→ **What to produce**
Please give an exact printout of the records, without any pictures.

----- Input data -----

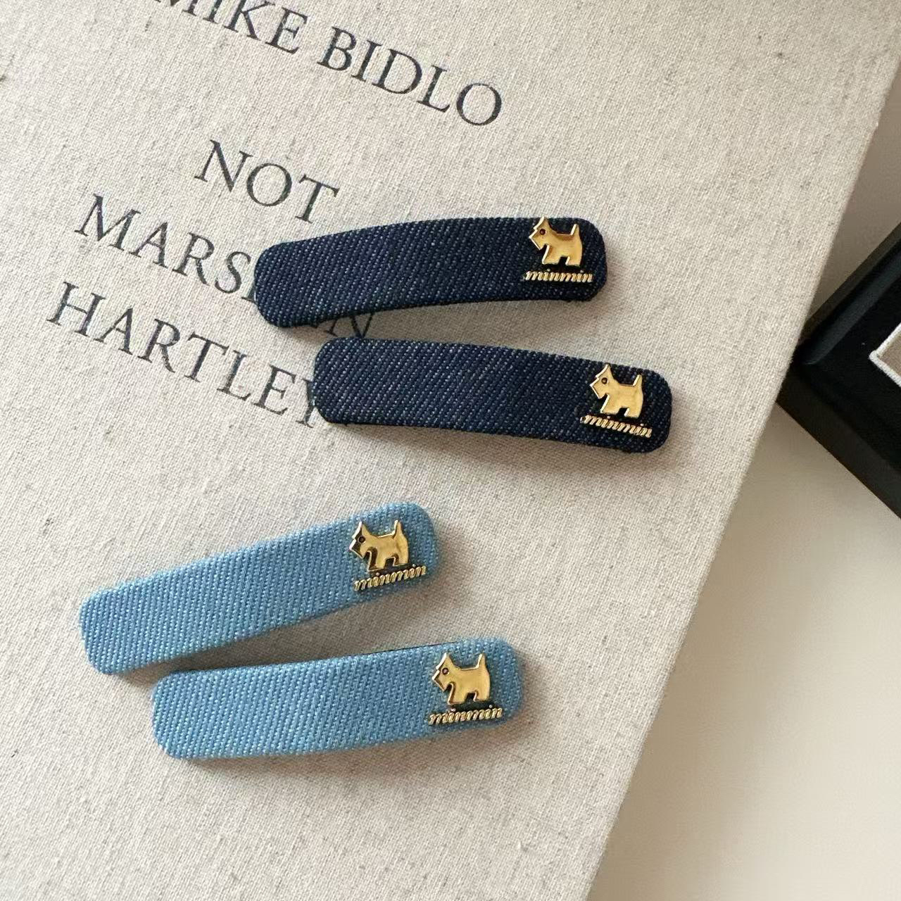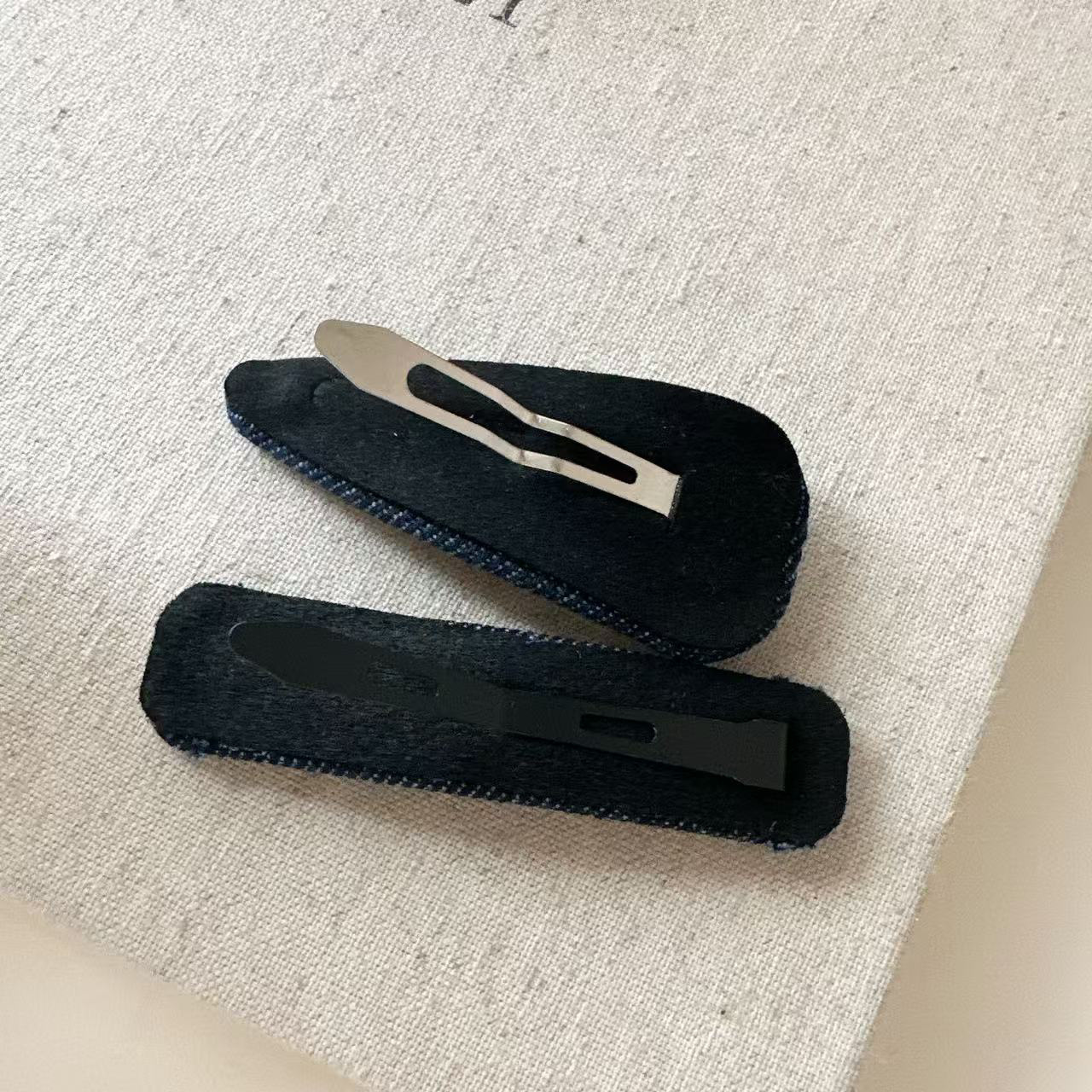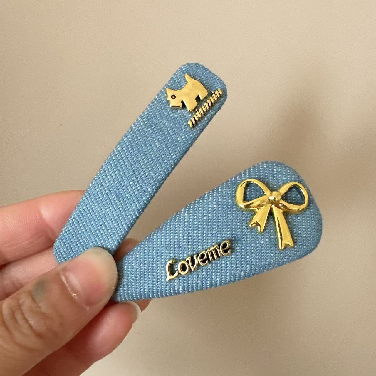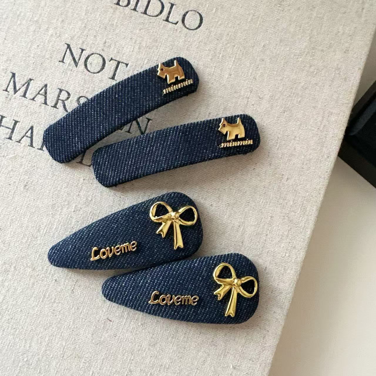 レトロデニムリボンBBヘアピンレターファブリックサイドクリップ韓国風前髪ヘアピンネットセレブヘアアクセサリー
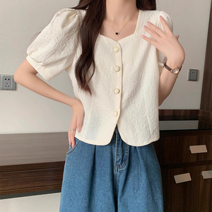 スクエアカラーパフ半袖シックな2025夏の新しいルーズで多用途なシャツレディースTシャツショートトップ
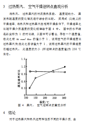于其基本熱力學特性的不同, 在不同的蒸發溫度下會反映出不同的蒸發速率變化規律。 考慮恒速干燥段, 在較低的介質溫度下, 熱風干燥時物料表面溫度和介質的溫度差比過熱蒸汽大許多, 使得在較低溫度時 , 熱風的干燥速度比過熱蒸汽要快;隨著溫度的升高, 這種溫差大所占比例優勢明顯下降;過熱蒸汽的對流換熱系數隨溫度的升高較熱風增長得要快, 抵償了溫差小的劣勢 ;而蒸發單位水分需用的熱量, 過熱蒸汽比同樣條件下的熱風所需的熱量要小。正是這三方面的結合使得逆轉點存在。
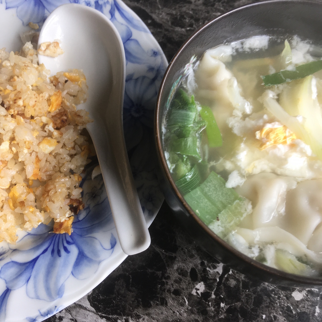 100ローの12個108円の生餃子を前日に焼いて6個食べて、6個余ったのでキャベツやネギを刻んだ中華風スープに入れた。
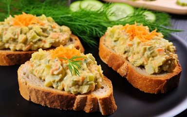 SHUBA рекомендует использовать майонез для этого рецепта, однако вы можете заменить его жирной сметаной, если хотите. Или приготовьте домашний майонез по простому рецепту. Такую намазку следует сразу съесть, но если вы приготовили слишком много, положите ее в холодильник — хранить можно в закрытой таре до двух дней. Приготовьте консервированные огурцы по-домашнему и сделайте намазку именно из них. А вот еще несколько вариантов брускетт для вас:
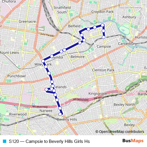 The first stop of the S120 bus route is Campsie Station, North Pde, Stand G and the last stop is Beverly Hills Girls High School, Broadarrow Rd. S120 (Campsie to Beverly Hills Girls Hs) is operational during on weekdays.
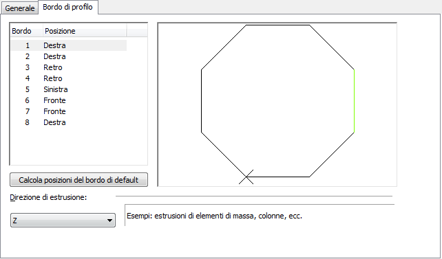 Quando si crea un profilo, tutti i bordi vengono contrassegnati per l'estrusione nella direzione Z. Tali posizioni dei bordi vengono calcolate in base al quadrante in cui si trova il punto medio del bordo. Nella definizione del profilo, è possibile modificare la direzione dei bordi e la direzione di estrusione.
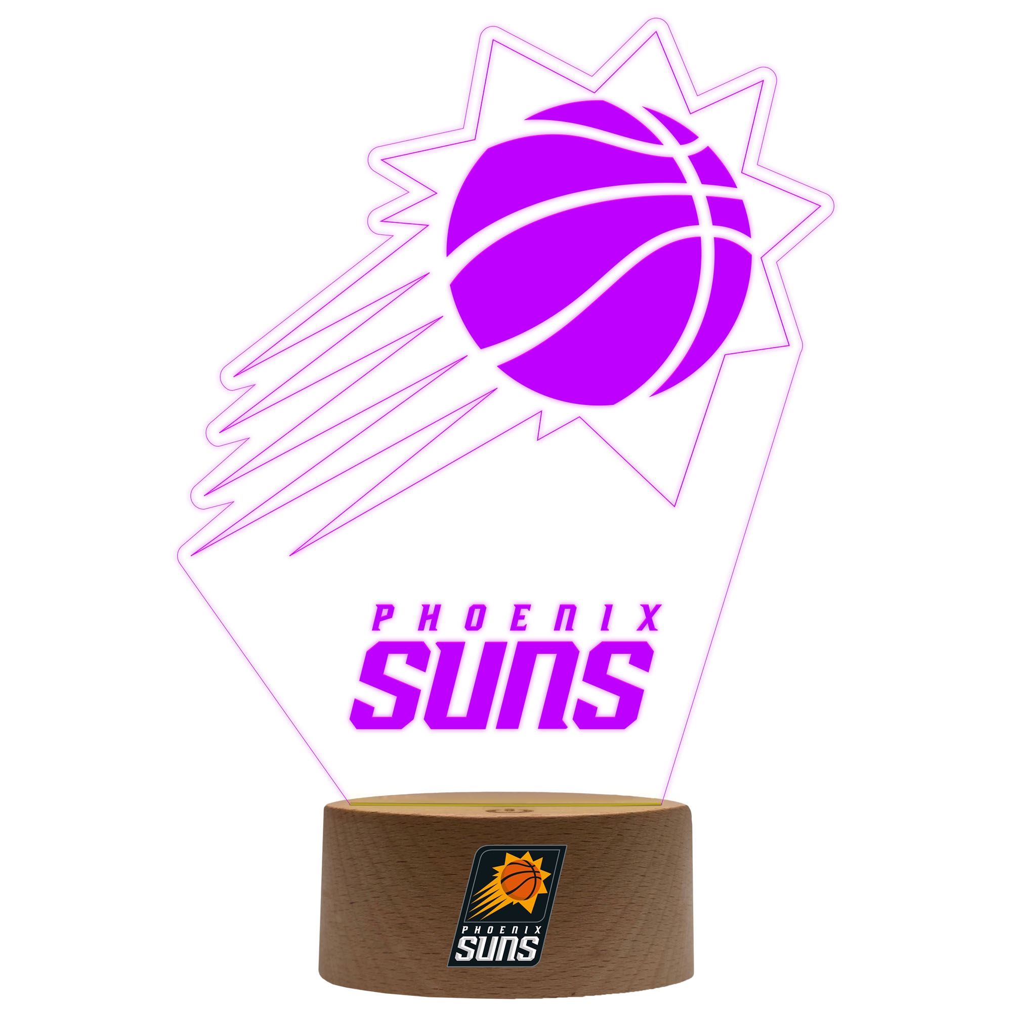 The LED team logo sign lights up all NBA eyes! The laser-engraved acrylic sign comes in an authentic basketball court design including your Phoenix Suns' team logo. The sign can be assembled easily with the included NBA base.
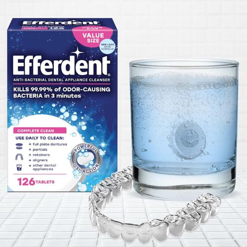 - Use Efferdent retainer cleaner tablets daily to clean retainers, full-plate dentures, partials, aligners and other dental appliances
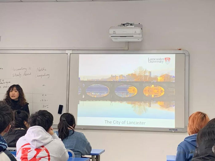 同學(xué)們都懷著邁進(jìn)蘭卡斯大學(xué)的夢想,此時更是渴望提前了解到關(guān)于蘭卡斯特大學(xué)的全面信息,Sophie老師首先詳盡地介紹了蘭卡斯特大學(xué)的自然環(huán)境,學(xué)校的歷史,發(fā)展,目前的各類專業(yè),相關(guān)費(fèi)用等,接下來又對現(xiàn)場同學(xué)們提出的問題都一一做了耐心的解答。
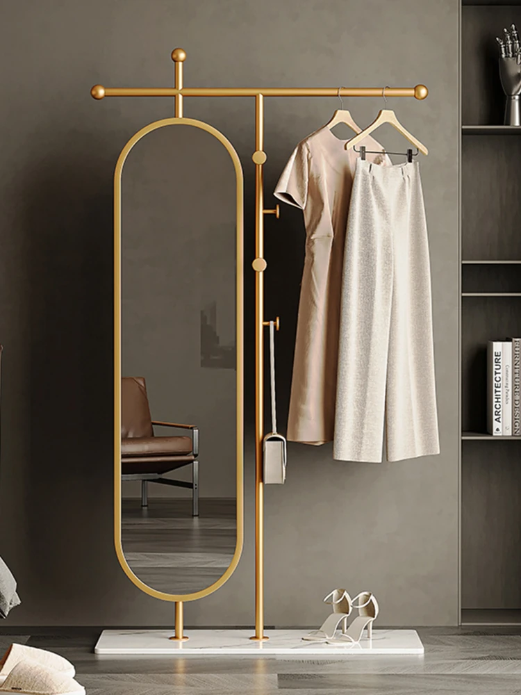軽やかな高級感のある衣類ハンガー&鏡一体型!回転可能な全身ミラー付き立て掛け式ハンガー。寝室にぴったりの多機能衣類収納で、スタイリッシュな空間を演出します。

-----

→ **Written reply**
 レトロデニムリボンBBヘアピンレターファブリックサイドクリップ韓国風前髪ヘアピンネットセレブヘアアクセサリー
 スクエアカラーパフ半袖シックな2025夏の新しいルーズで多用途なシャツレディースTシャツショートトップ
于其基本熱力學特性的不同, 在不同的蒸發溫度下會反映出不同的蒸發速率變化規律。 考慮恒速干燥段, 在較低的介質溫度下, 熱風干燥時物料表面溫度和介質的溫度差比過熱蒸汽大許多, 使得在較低溫度時 , 熱風的干燥速度比過熱蒸汽要快;隨著溫度的升高, 這種溫差大所占比例優勢明顯下降;過熱蒸汽的對流換熱系數隨溫度的升高較熱風增長得要快, 抵償了溫差小的劣勢 ;而蒸發單位水分需用的熱量, 過熱蒸汽比同樣條件下的熱風所需的熱量要小。正是這三方面的結合使得逆轉點存在。
 100ローの12個108円の生餃子を前日に焼いて6個食べて、6個余ったのでキャベツやネギを刻んだ中華風スープに入れた。
 SHUBA рекомендует использовать майонез для этого рецепта, однако вы можете заменить его жирной сметаной, если хотите. Или приготовьте домашний майонез по простому рецепту. Такую намазку следует сразу съесть, но если вы приготовили слишком много, положите ее в холодильник — хранить можно в закрытой таре до двух дней. Приготовьте консервированные огурцы по-домашнему и сделайте намазку именно из них. А вот еще несколько вариантов брускетт для вас:
 The first stop of the S120 bus route is Campsie Station, North Pde, Stand G and the last stop is Beverly Hills Girls High School, Broadarrow Rd. S120 (Campsie to Beverly Hills Girls Hs) is operational during on weekdays.
 Quando si crea un profilo, tutti i bordi vengono contrassegnati per l'estrusione nella direzione Z. Tali posizioni dei bordi vengono calcolate in base al quadrante in cui si trova il punto medio del bordo. Nella definizione del profilo, è possibile modificare la direzione dei bordi e la direzione di estrusione.
 The LED team logo sign lights up all NBA eyes! The laser-engraved acrylic sign comes in an authentic basketball court design including your Phoenix Suns' team logo. The sign can be assembled easily with the included NBA base.
 - Use Efferdent retainer cleaner tablets daily to clean retainers, full-plate dentures, partials, aligners and other dental appliances
 同學(xué)們都懷著邁進(jìn)蘭卡斯大學(xué)的夢想,此時更是渴望提前了解到關(guān)于蘭卡斯特大學(xué)的全面信息,Sophie老師首先詳盡地介紹了蘭卡斯特大學(xué)的自然環(huán)境,學(xué)校的歷史,發(fā)展,目前的各類專業(yè),相關(guān)費(fèi)用等,接下來又對現(xiàn)場同學(xué)們提出的問題都一一做了耐心的解答。
軽やかな高級感のある衣類ハンガー&鏡一体型!回転可能な全身ミラー付き立て掛け式ハンガー。寝室にぴったりの多機能衣類収納で、スタイリッシュな空間を演出します。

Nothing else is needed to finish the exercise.